Running for better health

Running as a Miracle Drug

There’s more evidence that suggests that running is the closest thing to a miracle drug. More evidence shows that cardio exercise, specifically running, increases mood, strengthens the heart, and improves cognitive ability! Just by exercising 2-4 times per week with each session lasting 30-45 minutes, you'll be able to reap the benefits.

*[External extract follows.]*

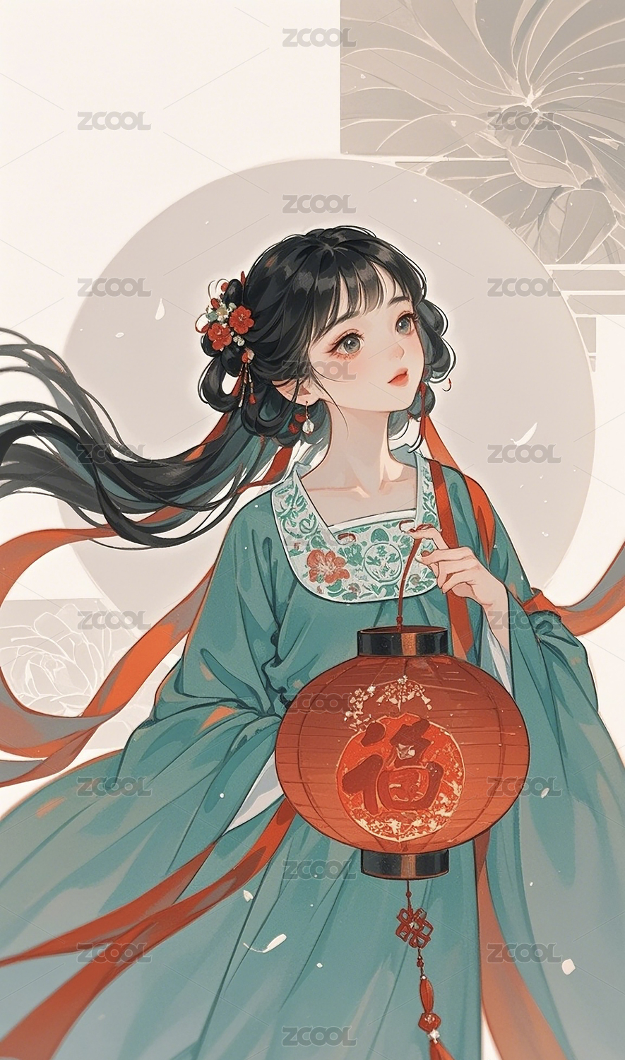 AIGC202403,中秋插画,嫦娥,玉兔,月亮,云朵,中国风,古风,国潮,灯笼

The Journal of Alzheimer’s Disease published a new study this month that showed that aerobic exercise has a “significant, overwhelmingly beneficial impact on the brain.” Researchers at the University of Texas Southwestern Medical Center looked at a sample of older people who showed signs of developing Alzheimer’s. The participants who exercised less frequently had weaker connections in their brain’s white matter -the tissue that contains millions of nerve fibers that connect other parts of the brain- and performed more poorly on cognitive tests.

This research supports the hypothesis that improving people’s fitness may improve their brain health and slow down the aging process,” Kan Ding, a neurologist with the Peter O’Donnell Jr. Brain Institute and the lead author on the paper, said in a statement.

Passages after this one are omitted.